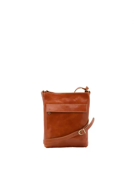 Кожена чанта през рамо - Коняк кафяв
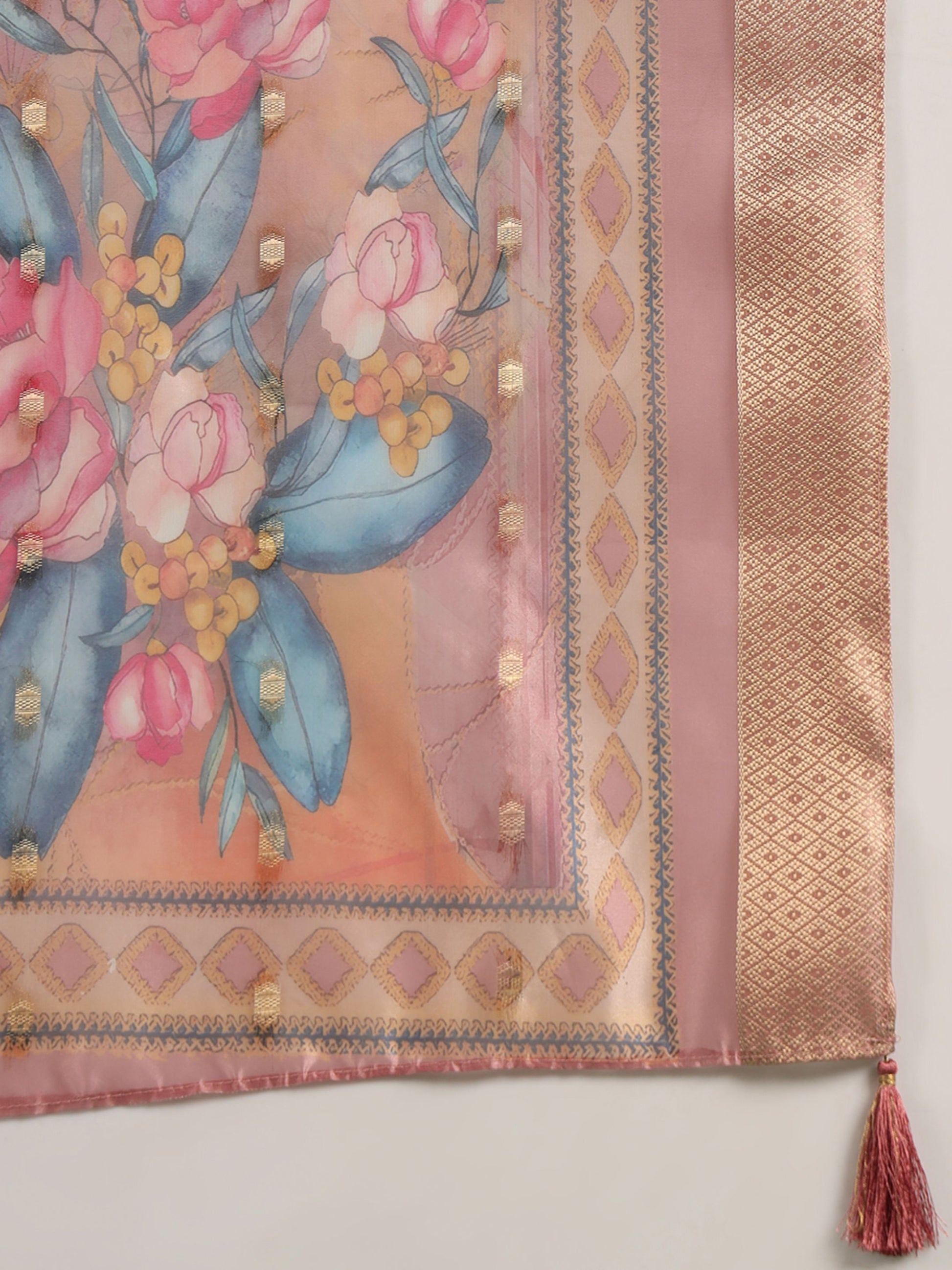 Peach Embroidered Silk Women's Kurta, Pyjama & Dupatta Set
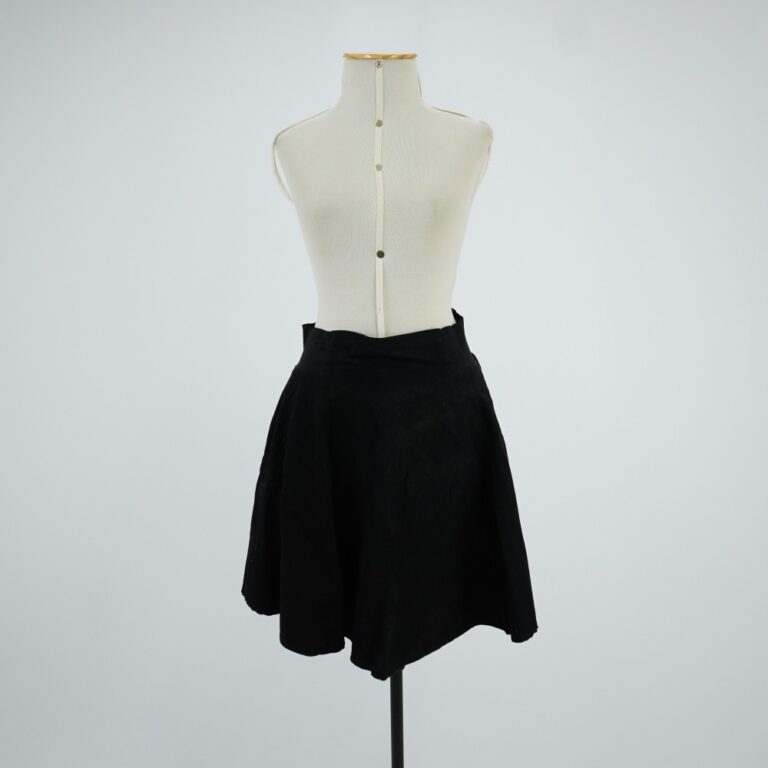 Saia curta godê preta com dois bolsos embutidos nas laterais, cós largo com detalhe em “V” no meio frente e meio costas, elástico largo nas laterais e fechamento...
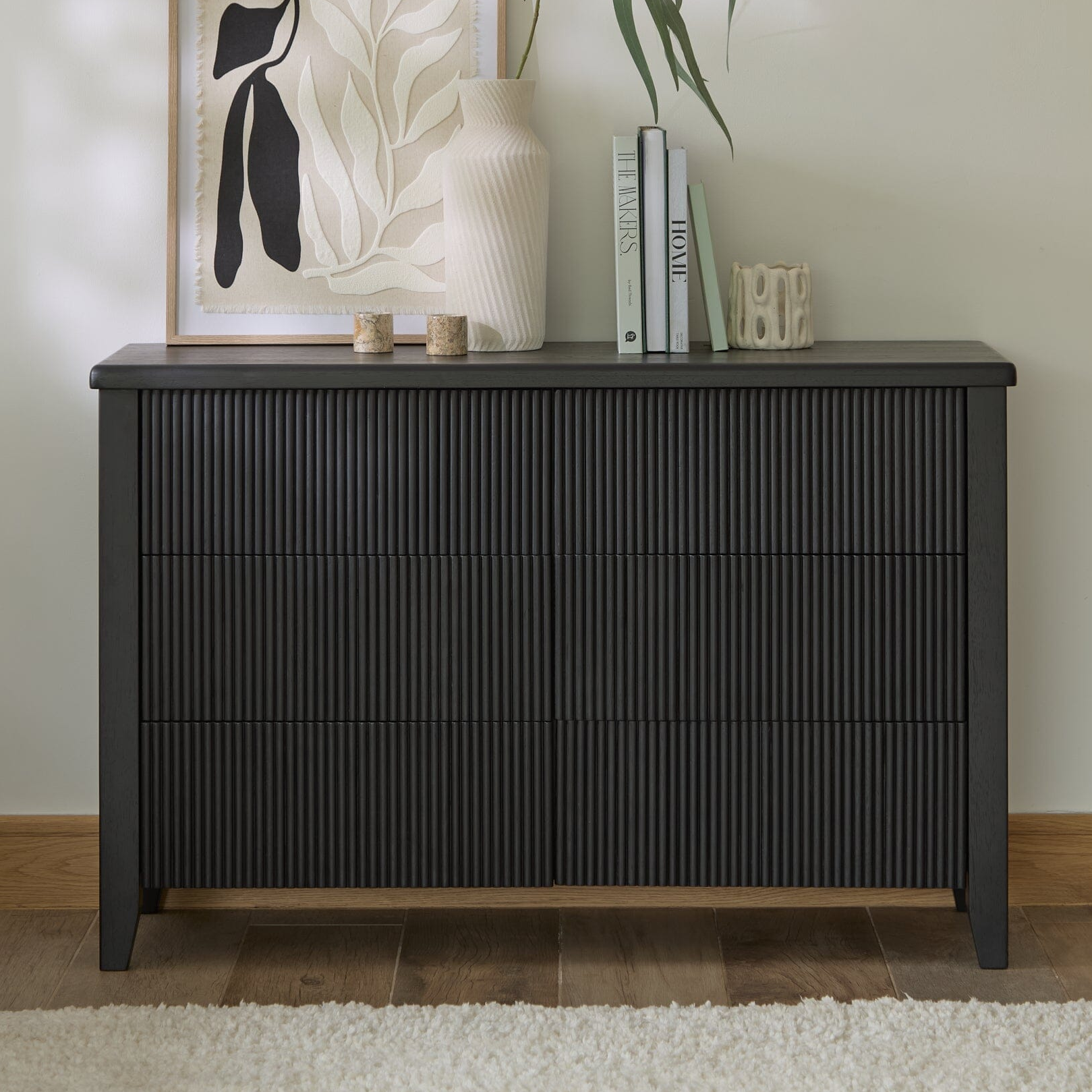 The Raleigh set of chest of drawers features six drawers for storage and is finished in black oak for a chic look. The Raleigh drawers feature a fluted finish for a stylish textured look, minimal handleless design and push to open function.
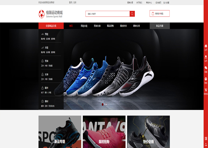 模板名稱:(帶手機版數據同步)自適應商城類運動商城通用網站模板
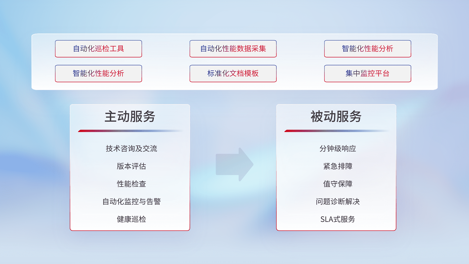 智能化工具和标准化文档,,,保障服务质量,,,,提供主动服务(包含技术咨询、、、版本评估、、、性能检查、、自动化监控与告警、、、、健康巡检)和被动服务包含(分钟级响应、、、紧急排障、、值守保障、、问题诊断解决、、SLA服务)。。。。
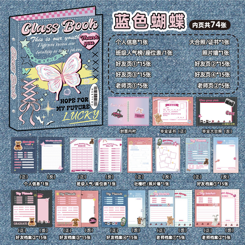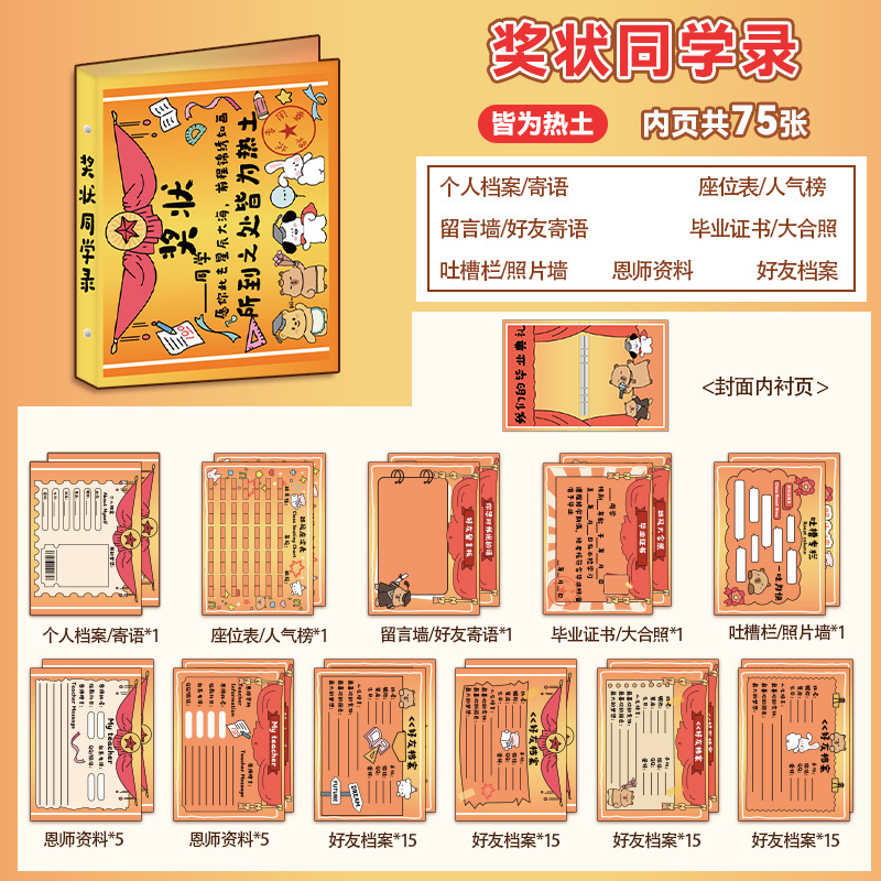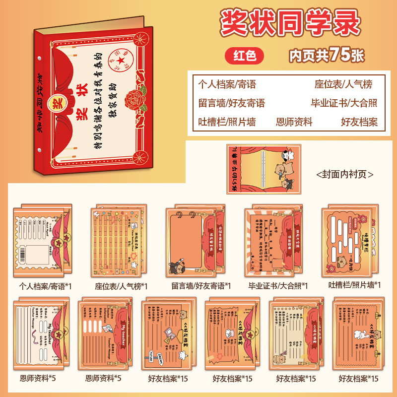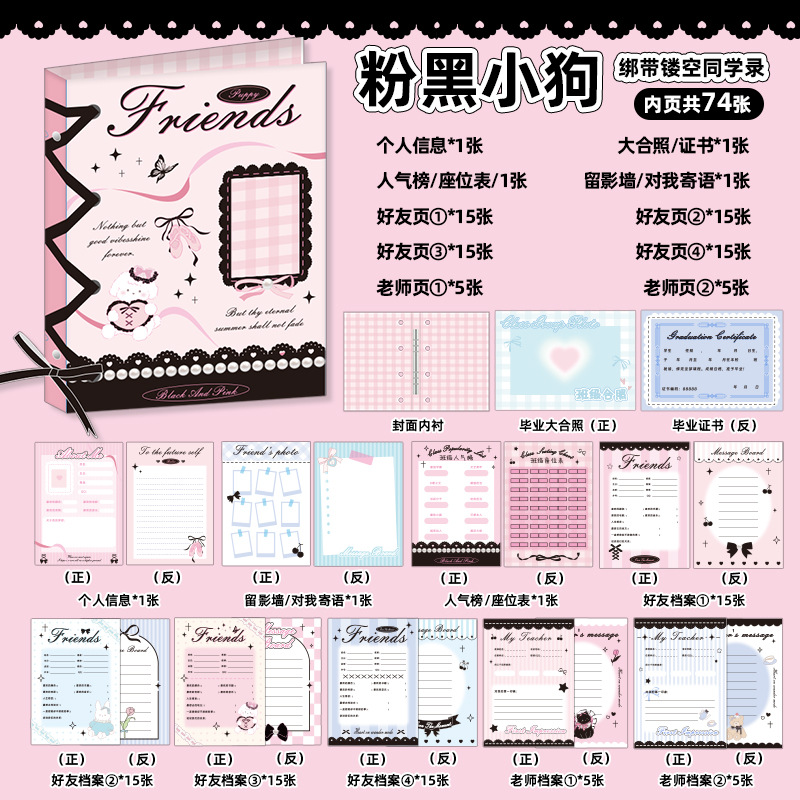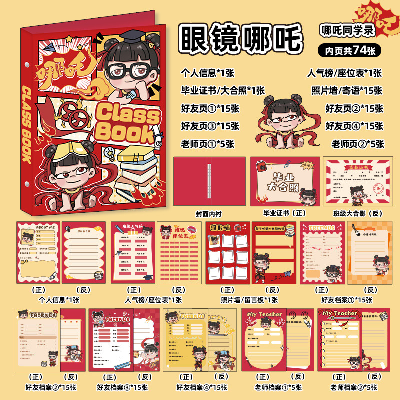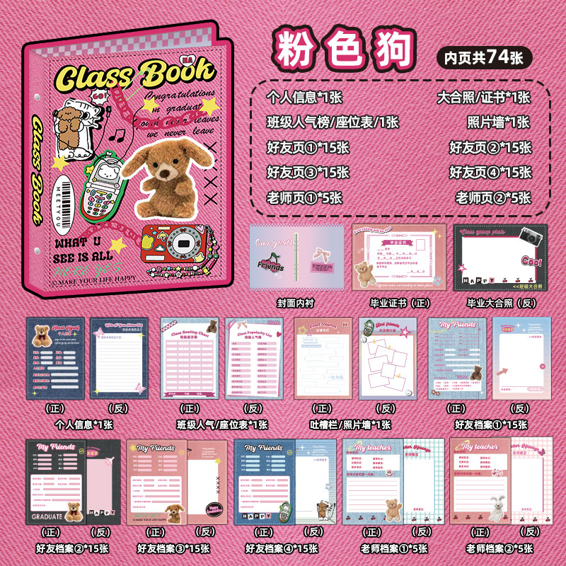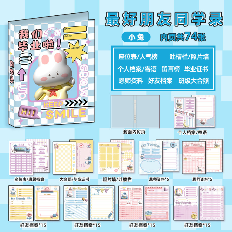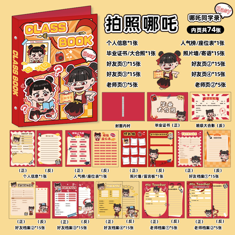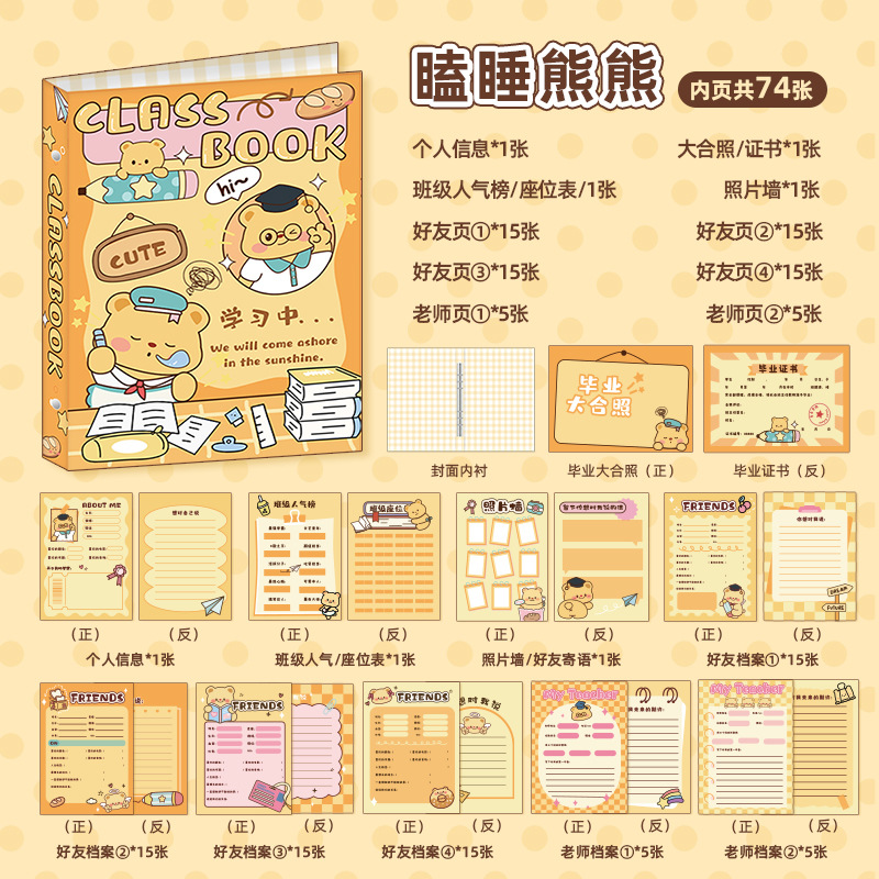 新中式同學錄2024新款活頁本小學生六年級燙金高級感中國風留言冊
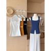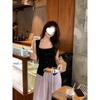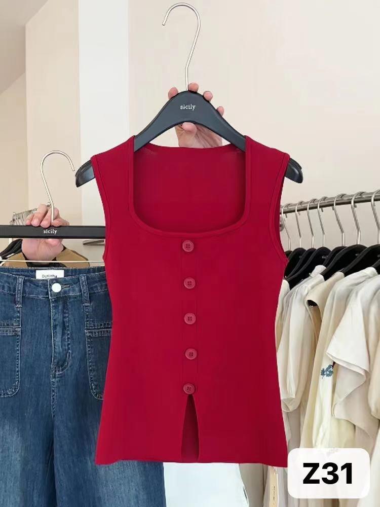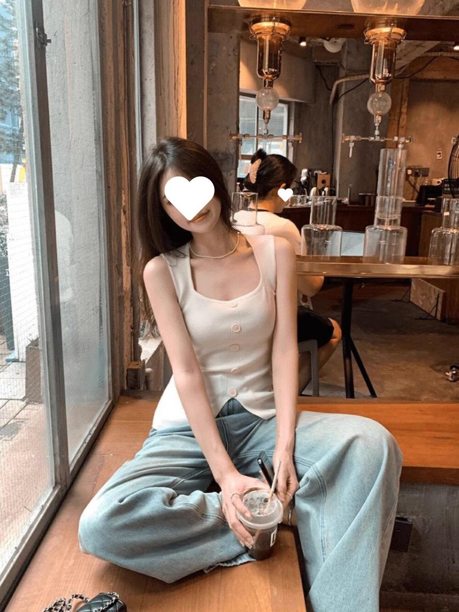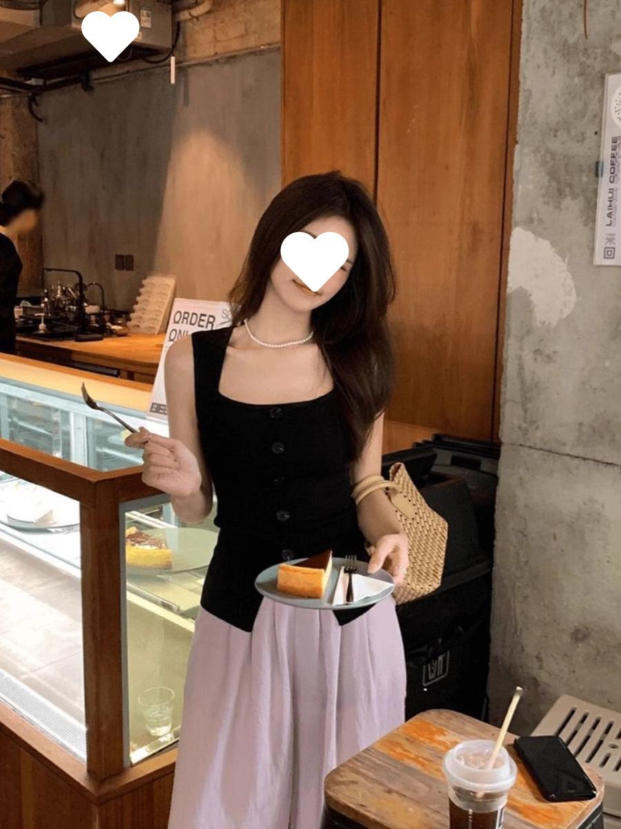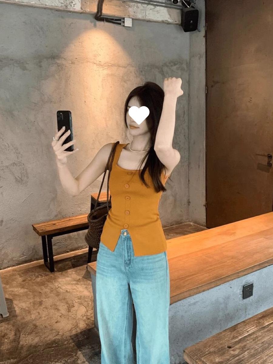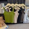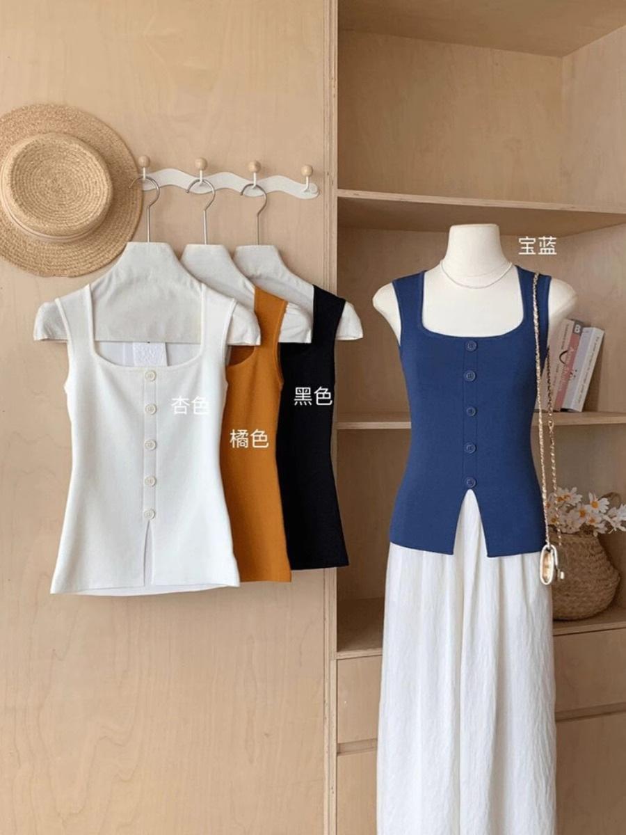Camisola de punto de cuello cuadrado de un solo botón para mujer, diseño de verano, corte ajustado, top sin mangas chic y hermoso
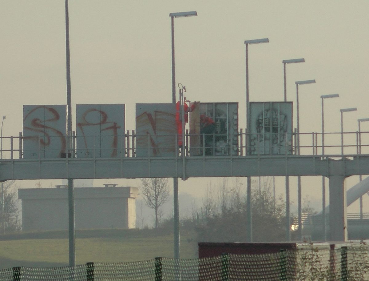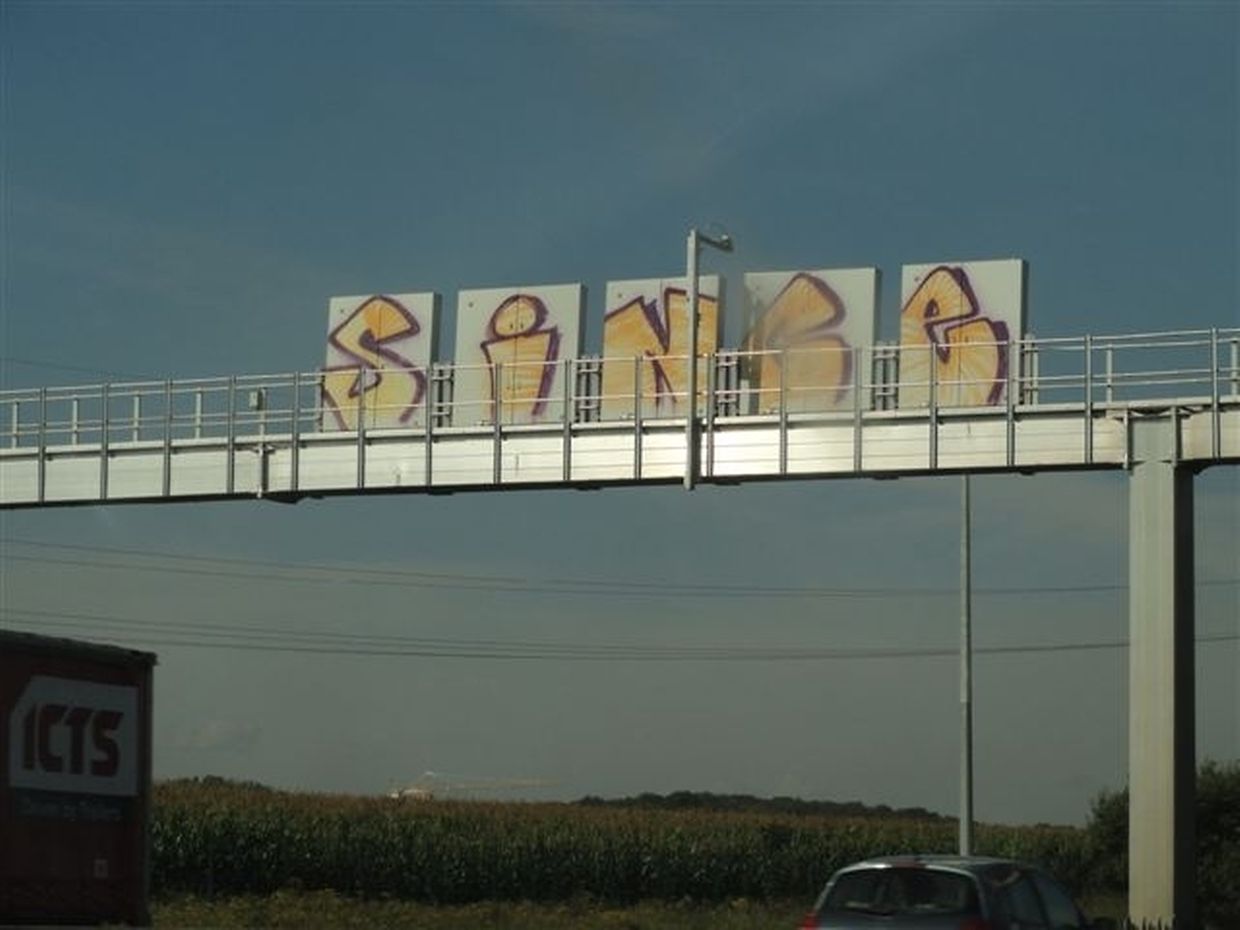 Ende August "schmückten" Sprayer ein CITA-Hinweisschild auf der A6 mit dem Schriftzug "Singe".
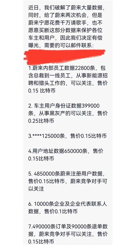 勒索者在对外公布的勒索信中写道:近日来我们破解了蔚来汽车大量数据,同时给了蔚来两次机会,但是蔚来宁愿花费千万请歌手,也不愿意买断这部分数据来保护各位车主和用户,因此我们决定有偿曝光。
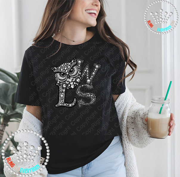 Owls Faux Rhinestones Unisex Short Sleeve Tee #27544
====================
■ Task prompt ■
All that should be printed is the lines from the one containing "Saia curta godê" through the last line of the material above, both ends included, exactly as they stand; please skip the pictures.

■ Problem solution ■
 Saia curta godê preta com dois bolsos embutidos nas laterais, cós largo com detalhe em “V” no meio frente e meio costas, elástico largo nas laterais e fechamento...
 The Raleigh set of chest of drawers features six drawers for storage and is finished in black oak for a chic look. The Raleigh drawers feature a fluted finish for a stylish textured look, minimal handleless design and push to open function.
 模板名稱:(帶手機版數據同步)自適應商城類運動商城通用網站模板
 智能化工具和标准化文档,,,保障服务质量,,,,提供主动服务(包含技术咨询、、、版本评估、、、性能检查、、自动化监控与告警、、、、健康巡检)和被动服务包含(分钟级响应、、、紧急排障、、值守保障、、问题诊断解决、、SLA服务)。。。。
 新中式同學錄2024新款活頁本小學生六年級燙金高級感中國風留言冊
Camisola de punto de cuello cuadrado de un solo botón para mujer, diseño de verano, corte ajustado, top sin mangas chic y hermoso
 Ende August "schmückten" Sprayer ein CITA-Hinweisschild auf der A6 mit dem Schriftzug "Singe".
 勒索者在对外公布的勒索信中写道:近日来我们破解了蔚来汽车大量数据,同时给了蔚来两次机会,但是蔚来宁愿花费千万请歌手,也不愿意买断这部分数据来保护各位车主和用户,因此我们决定有偿曝光。
 Owls Faux Rhinestones Unisex Short Sleeve Tee #27544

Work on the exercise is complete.